I did this when I was an apprentice, we used factory expansion fittings and on another project we had 30 runs of 2" emt for apartment feeders, utilized Greenfield for that install.


----------



## JohnJ0906

I've used expantion fittings last year when I did a 400' pier at a marina.


----------



## HCECalaska

this pic is a bad expample of using flex for a expansion fitting. if you see in the pic the flex is straight and tight. this allows no room for movement and that is the intent. the anchorage is a very seismicly active area so they are big on alowing for movement. the flex should have a min of 2" defection to alow for expansion and movement.


----------



## Pierre Belarge

I agree that this installation is not meant as an installation for expansion. As I see the pic, I see this may be installed for some type of movement (vibration), not expansion. I called UL about this very type of installatio 2 years ago found in a parking structure.

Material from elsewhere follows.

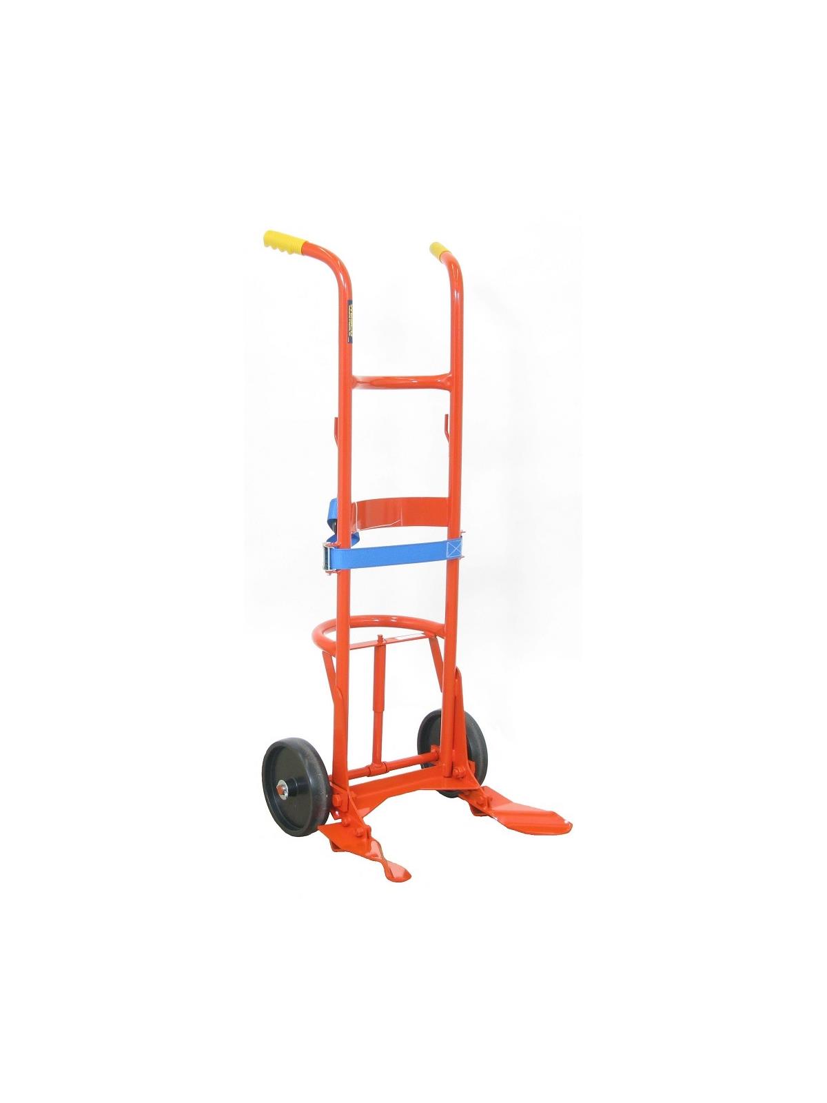 A) Standard Poly Drum Truck Handles all poly and fiber drums except overpacks. Features replaceable "feet" and belt. Wide "feet" and belt eliminate the risk of drums being punctured by nose prongs and chime hooks. Floating axle reduces effort required to break over and balance the load. 23.5"D. Patented design.

UL said it is not an acceptable method to use for expansion purposes.


----------



## Guest

I really wish NECA wouldn't get into the standards business. There are already plenty of organizations that publish standards and NECA (and BICSI for that matter) is just adding to the glut of standards. Standards compliance is voluntary, anybody can publish standards.


----------



## MDShunk

Cho Seung Hui said:


> I really wish NECA wouldn't get into the standards business. There are already plenty of organizations that publish standards and NECA (and BICSI for that matter) is just adding to the glut of standards. Standards compliance is voluntary, anybody can publish standards.


Sure, there are a lot of standards. It's just something interesting to discuss. Don't take it personal. Put the hammer down! :laughing:


----------